ハヅキの叔父で、彼女のお目付け役兼尻拭い役で、名前こそジュリオだが、いつかブルータスとなり皇帝の首を掻き切らん日が来るのではないかと、噂されているマネージャーである。
「おまえがオーナーだからだ。人間、自分の目玉より近くにあるものは、見えなんだらしいからな」
ハヅキは耳の痛い進言に対して、常に目を泳がせ、口笛を吹かん勢いで口を尖らせることで対応する。
いや、聴けよ。
「少なくとも、この好楽シーズンに一定数以上の新規客数を挙げられないことは、宿泊業としては失格、って前の組合会議で云われてね。あの成り上がりの〈ノア〉の大狸め。ヒドくね、ありえなくね、お父様の時代からこちらを贔屓にして下さるお客様たちに、満足の行くクオリティのサービスを、継続して提供し続けるのも、立派な在り方っしょ」
「ですからねえ――」
そう云いつつ、手許にある宿帳に眼を降ろした私は、この身長百五十五センチ、首から上がスッカラカンのオーナーに、正論を吐くことほどバカバカしいことは無いということに気付き、言葉を引っ込めた。ジュリオさんのように、この歳からチリメン皺を浮かべたくはない。
そうなのだ。
この〈ホテル・ニムロド〉は、立地、設備共に一級品なのだが、頭部に重篤な腫瘍を抱えている。
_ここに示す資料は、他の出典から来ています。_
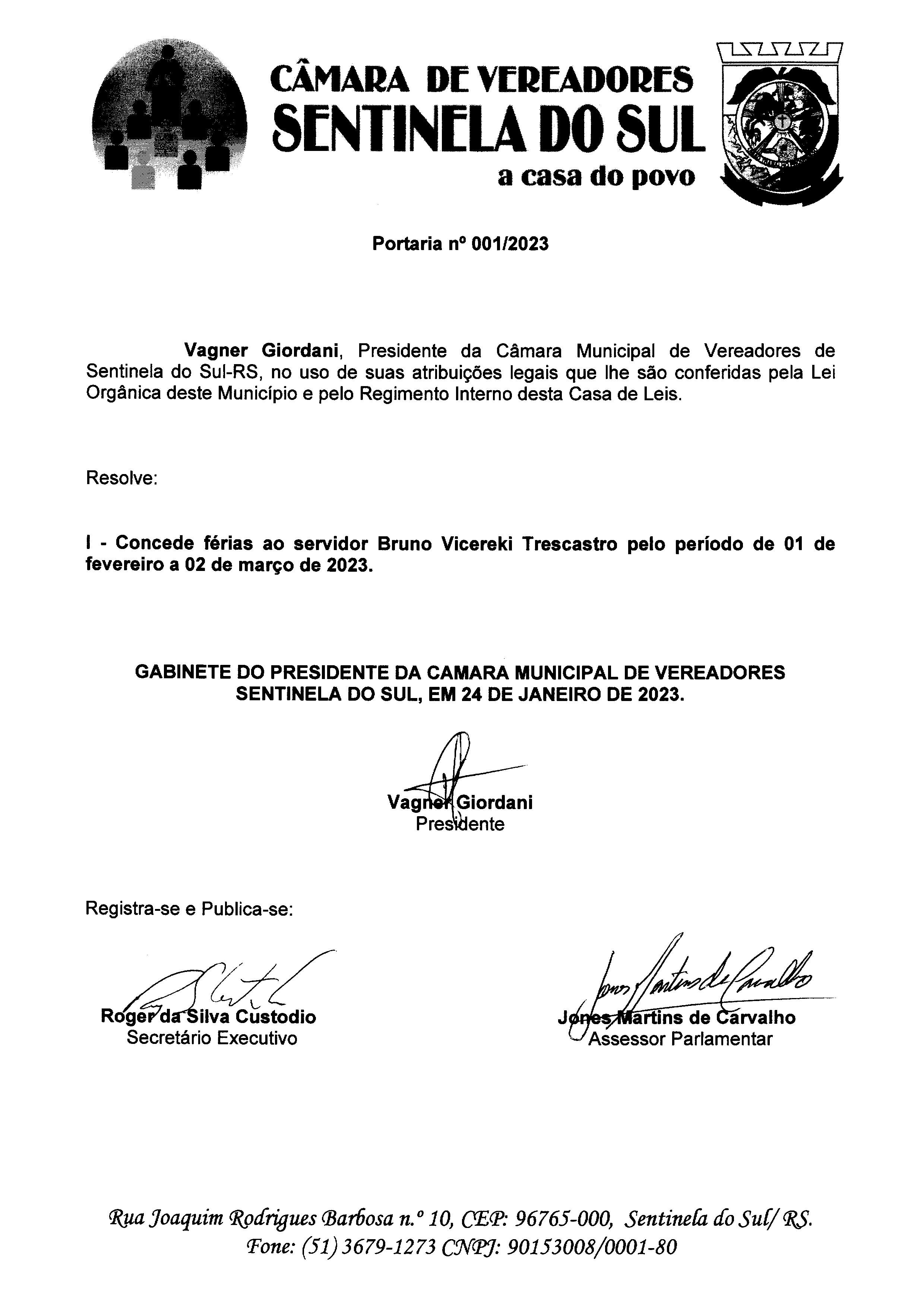 Concede Férias ao Servidor Bruno Vicereki Trescastro

お陰で、この都会のネズミの集合社会に於いて、常に痩せネズミのポジションを甘んじて受け入れ、しなびたエサの切れ端で食い繋ぐ羽目に陥っているのである。
しなびたエサと云うのは、即ち先代のオーナー、ハヅキの父オーガスト・イェーガーが獲得した常連客、長期滞在客の総称で、彼等にも高齢化の波が押し寄せ、今や宿屋よりも老人ホームに鞍替えした方が良いのではないかと思われる有様である。
「だから、値上げも已む得んと云うのだ。兄貴の時分とは情勢も違う。なんぼこの〈ベイベル〉が堰き止められた堰堤のようなものと云えど、物価は上がるし、常連の方々も不老不死ではあるまい。今からでも遅くは無い、今日から始まる書き入れ時の為にも、値上げの検討を――」
「それは駄目よ。絶対」
オーナーは凛と、引き締まった面持ちで振り返って反論した。
「わたしは、お父様が一世一代で築き上げたこの城――わたしにとっても、掛け替えのない想い出の場所を、変わらぬクオリティで保ち続ける責務があるの。お父様や、お母様、わたしのヨチヨチ歩きだった頃から、この宿屋を、わたし達家族を愛して下さった方々に、皆が揃っていたような時代そのものを提供することこそが、恩返しで人情だと思うの。況してや、今更値上げだなんて断固反対、有り得ない。それに、新規のお客様だけに別料金を吹っ掛けるのは、それこそ道義に反しているし。勿論、わたしはお父様のように才覚がある訳でもないし、お母様のようにマネージメントに秀でている訳でも無い。それは良く判っている――」
ハヅキは少し頭を垂れ、声音にも頑なさが薄れて行く。
「だからこそ、わたしにはあなた達が必要。叔父様の経営手腕、エドゥの骨身を惜しまないコンシェルジュとしての勤勉さ、キャリーのメイドとしての愛らしさ、ミースの皆を満足させるコックの腕、ノーベリーの園芸に於ける情熱と職人魂、トロイの――まあいいや」
「エッ?」
ボキャブラリと云えば「エッ?」と「ハイ!」しか無い、脱走したハムスターの如くチョロチョロ歩き回っていた欠陥給仕トロイが、自分の名前を聴き付けてミーアキャットさながらに振り向いた。
「なんでもないよ。持場にお戻り。しっしっ」
「ハイっ! ハイっ――」
いつものように邪険に、人件費の安さ(非合法)だけが売りのウェイターを片手で追い返すと、オーナーは何事も無かったかのように続けた。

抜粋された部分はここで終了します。